Sein Landsmann Uran bringt da deutlich mehr Geschwindigkeit auf die Straße. Mit zweiten Plätzen beim Giro d’Italia 2013 und 2014 sowie bei der Tour 2017 hinter Chris Froome war er jeweils knapp am Gesamtsieg dran. Viel wird für den 34 Jahre alten Routinier auch davon abhängen, wie gut sein Team für ihn arbeitet.
Mit dabei, um den Teamkollegen zu helfen
Und was ist mit Chris Froome? Der viermalige Tour-Sieger wird auch dabei sein. Zwei Jahre nach seinem schweren Sturz während des Critérium du Dauphiné steht er am Samstag an der Startlinie des Rennens, dass er zwischen 2013 und 2017 dominieren konnte. Leistungsmäßig ist er weit von einer Topplatzierung im Gesamtklassement entfernt.

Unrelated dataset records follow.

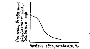 С другой стороны, снижение уровня обслуживания ведет к увеличению потерь, вызванных ухудшением качества сервиса. Эта зависимость также может быть представлена графически.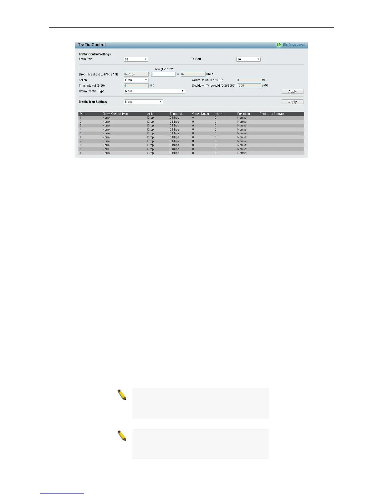 Drop Threshold (64Kbps * N): If storm control is enabled (default is disabled), the threshold is from of 64 ~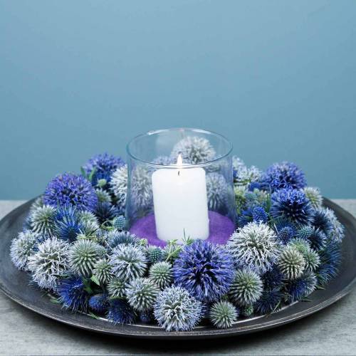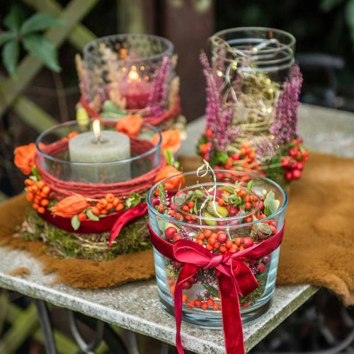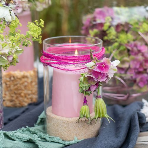 Das Windlicht und den Ring aus Steckschaum für eure Sommerdeko findet ihr in unserem Onlineshop.

Aber darum geht es dem 36 Jahre alten Briten nicht: „Ich fahre hier nicht um die Gesamtwertung, sondern um meinen Teamkollegen zu helfen. Sie haben in der Vergangenheit alles für mich getan, nun hoffe ich, ihnen ein wenig von dem zurückzugeben.“
Seine Kollegen bei der Tour werden im Team Israel Start Up Nation Andre Greipel und Rick Zabel sein. Der Sprint-Routinier und sein Anfahrer sind zwei von insgesamt zwölf Deutschen im Tour-Peloton, die sich auf den Weg nach Paris machen und auf den einen oder anderen Achtungserfolg idealerweise in Form eines Etappensieges hoffen.